Hybrid Search near_text distance filtering

Description

The distance field in the HybridVector.near_text doesn’t filter contrary to the near_text search. Is this the desired behavior or a bug? This issue seems to implement the same behavior as the near_text search. Improve Hybrid Search · Issue #4325 · weaviate/weaviate · GitHub

For me, objects with a distance superior to this parameter should be filtered out of the results (independently of the fusion score). In my case, the ability to filter the results with the near_text distance is useful, as we don’t have the vector distance and the BM25 score returned.

The results I got with the code in the Any additional Information section.

== Near text ==
no distance limit
QueryReturn(objects=[Object(uuid=_WeaviateUUIDInt('35ddc998-e530-44a2-8b6a-e65dc8cb9afb'), metadata=MetadataReturn(creation_time=None, last_update_time=None, distance=0.11371487379074097, certainty=None, score=None, explain_score=None, is_consistent=None, rerank_score=None), properties={'title': 'article'}, references=None, vector={}, collection='Article')])
== Near text ==
distance limit 0.1
QueryReturn(objects=[])
== Hybrid search ==
distance limit 0.1
QueryReturn(objects=[Object(uuid=_WeaviateUUIDInt('35ddc998-e530-44a2-8b6a-e65dc8cb9afb'), metadata=MetadataReturn(creation_time=None, last_update_time=None, distance=None, certainty=None, score=None, explain_score=None, is_consistent=None, rerank_score=None), properties={'title': 'article'}, references=None, vector={}, collection='Article')])
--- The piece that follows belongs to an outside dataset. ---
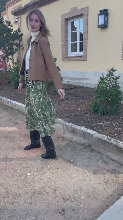 Falda fluida con detalle de francos en cadera. Cierre con cremallera invisible.

I would like a way to obtain the same result from the near_text search with the distance limit applied to the hybrid search. For example, with the scores returned after an hybrid search we would be able to apply an post filtering.

Server Setup Information

  • Weaviate Server Version: 1.26.4
  • Deployment Method: docker
  • Multi Node? Number of Running Nodes: No
  • Client Language and Version: python weaviate-client-4.8.1
  • Multitenancy?: No

Any additional Information

# setup.py
import os

import weaviate
from dotenv import load_dotenv
from weaviate.classes.config import Configure, DataType, Property

load_dotenv()

client = weaviate.connect_to_local(
    headers={"X-Azure-Api-Key": os.getenv("AZURE_API_KEY")}
)

client.collections.delete("Article")
client.collections.create(
    "Article",
    properties=[
        Property(name="title", data_type=DataType.TEXT),
    ],
    vectorizer_config=Configure.Vectorizer.text2vec_azure_openai(
        base_url=os.environ.get("AZURE_BASE"),
        resource_name=os.environ.get("AZURE_RESOURCE_NAME"),
        deployment_id=os.environ.get("AZURE_DEPLOYMENT_ID"),
        vectorize_collection_name=False,
    ),
)

article = client.collections.get("Article")
article.data.insert(
    properties={
        "title": "article",
    },
)
import os

import weaviate
from dotenv import load_dotenv
from weaviate.classes.query import HybridFusion, HybridVector, MetadataQuery, Move

load_dotenv()
client = weaviate.connect_to_local(
    headers={"X-Azure-Api-Key": os.getenv("AZURE_API_KEY")}
)

article = client.collections.get("Article")

response = article.query.near_text(
    query="Article", return_metadata=MetadataQuery(distance=True)
)
print(f"== Near text ==\nno distance limit\n{response}")
response = article.query.near_text(
    query="Article", distance=0.1, return_metadata=MetadataQuery(distance=True)
)
print(f"== Near text ==\ndistance limit 0.1\n{response}")

response = article.query.hybrid(
    query="Article", vector=HybridVector.near_text(query="article", distance=0.1)
)
print(f"== Hybrid search ==\ndistance limit 0.1\n{response}")

client.close()

Hi,

it is not yet part of the docs, but there is a new parameter to filter all results based on the vector distance - so any result that has a distance higher than the max vector distance is filtered out:

    objs_hy_cutoff = collection.query.hybrid(
        query,
        max_vector_distance=max_vector_distance,
        return_metadata=wvc.query.MetadataQuery.full(),
    ).objects

not totally sure why the distance is not working for the NT search, but I think it should not be used at all

Hello Dirk,

Thank you for your help. Your solution has resolved the issue.